Information about the models powering LLM judges

  • LLM judges might use third-party services to evaluate your GenAI applications, including Azure OpenAI operated by Microsoft.
  • For Azure OpenAI, Databricks has opted out of Abuse Monitoring so no prompts or responses are stored with Azure OpenAI.
  • For European Union (EU) workspaces, LLM judges use models hosted in the EU. All other regions use models hosted in the US.
  • Disabling Partner-powered AI features prevents the LLM judge from calling partner-powered models. You can still use LLM judges by providing your own model.
  • LLM judges are intended to help customers evaluate their GenAI agents/applications, and LLM judge outputs should not be used to train, improve, or fine-tune an LLM.

Judge accuracy

Databricks continuously improves judge quality through:

  • Research validation against human expert judgment
  • Metrics tracking: Cohen's Kappa, accuracy, F1 score
  • Diverse testing on academic and real-world datasets

See Databricks blog on LLM judge improvements for details.

Code-based scorers

Custom code-based scorers offer the ultimate flexibility to define precisely how your GenAI application's quality is measured. You can define evaluation metrics tailored to your specific business use case, whether based on simple heuristics, advanced logic, or programmatic evaluations.

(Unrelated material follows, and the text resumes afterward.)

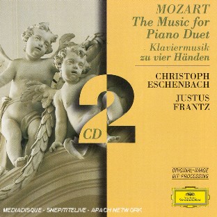 | Liste des pistes | 2.2 . sonate en fa majeur, k497 : andante - Eschenbach, Christoph,Frantz, Justus,Mozart, Wolfgang Amadeus 2.1 . sonate en fa majeur, k497 : adagio, allegro di molto - Eschenbach, Christoph,Frantz, Justus,Mozart, Wolfgang Amadeus 1.1 . sonate en ut majeur, k19d : allegro - Eschenbach, Christoph,Frantz, Justus,Mozart, Wolfgang Amadeus 1.2 . sonate en ut majeur, k19d : menuetto, trio - Eschenbach, Christoph,Frantz, Justus,Mozart, Wolfgang Amadeus 1.3 . sonate en ut majeur, k19d : rondeau, allegretto - Eschenbach, Christoph,Frantz, Justus,Mozart, Wolfgang Amadeus 1.4 . sonate en ré majeur, k381 : allegro - Eschenbach, Christoph,Frantz, Justus,Mozart, Wolfgang Amadeus 1.5 . sonate en ré majeur, k381 : andante - Eschenbach, Christoph,Frantz, Justus,Mozart, Wolfgang Amadeus 1.6 . sonate en ré majeur, k381 : allegro molto - Eschenbach, Christoph,Frantz, Justus,Mozart, Wolfgang Amadeus 1.7 . sonate en si bémol majeur, k358 : allegro - Eschenbach, Christoph,Frantz, Justus,Mozart, Wolfgang Amadeus 1.8 . sonate en si bémol majeur, k358 : adagio - Eschenbach, Christoph,Frantz, Justus,Mozart, Wolfgang Amadeus 1.9 . sonate en si bémol majeur, k358 : molto presto - Eschenbach, Christoph,Frantz, Justus,Mozart, Wolfgang Amadeus 1.10 . andante & cinq variations en sol majeur, k501 - Eschenbach, Christoph,Frantz, Justus,Mozart, Wolfgang Amadeus 1.11 . sonate en ré majeur, k448 : allegro con spirito - Eschenbach, Christoph,Frantz, Justus,Mozart, Wolfgang Amadeus 1.12 . sonate en ré majeur, k448 : andante - Eschenbach, Christoph,Frantz, Justus,Mozart, Wolfgang Amadeus 1.13 . sonate en ré majeur, k448 : molto allegro - Eschenbach, Christoph,Frantz, Justus,Mozart, Wolfgang Amadeus 2.6 . sonate en ut majeur, k521 : andante - Eschenbach, Christoph,Frantz, Justus,Mozart, Wolfgang Amadeus 2.7 . sonate en ut majeur, k521 : allegretto - Eschenbach, Christoph,Frantz, Justus,Mozart, Wolfgang Amadeus 2.8 . fantaisie en fa mineur, k608 - Eschenbach, Christoph,Frantz, Justus,Mozart, Wolfgang Amadeus 2.4 . adagio & allegro en fa mineur, k594 - Eschenbach, Christoph,Frantz, Justus,Mozart, Wolfgang Amadeus 2.3 . sonate en fa majeur, k497 : allegro - Eschenbach, Christoph,Frantz, Justus,Mozart, Wolfgang Amadeus 2.5 . sonate en ut majeur, k521 : allegro - Eschenbach, Christoph,Frantz, Justus,Mozart, Wolfgang Amadeus |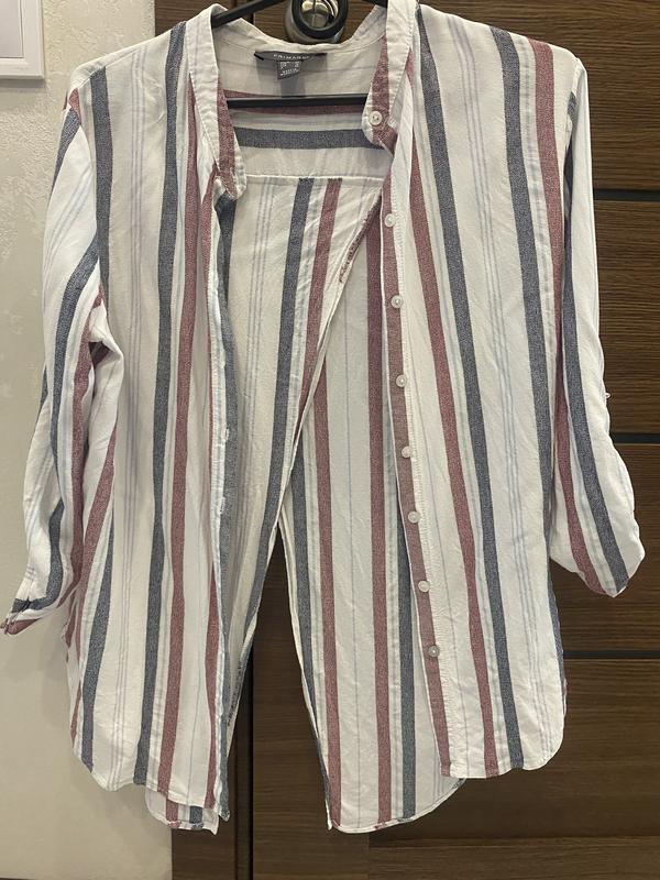 Сорочка в смужку, рукава 3/4, підкочуються, ззаду цікавий розріз. Бірка зі складом зрізана, але тканина легка.

Use custom scorers for the following scenarios:

  1. Defining a custom heuristic or code-based evaluation metric.
  2. Customizing how the data from your app's trace is mapped to built-in LLM judges.
  3. Using your own LLM (rather than a Databricks-hosted LLM judge) for evaluation.
  4. Any other use cases where you need more flexibility and control than provided by custom LLM judges.

See Create custom code-based scorers.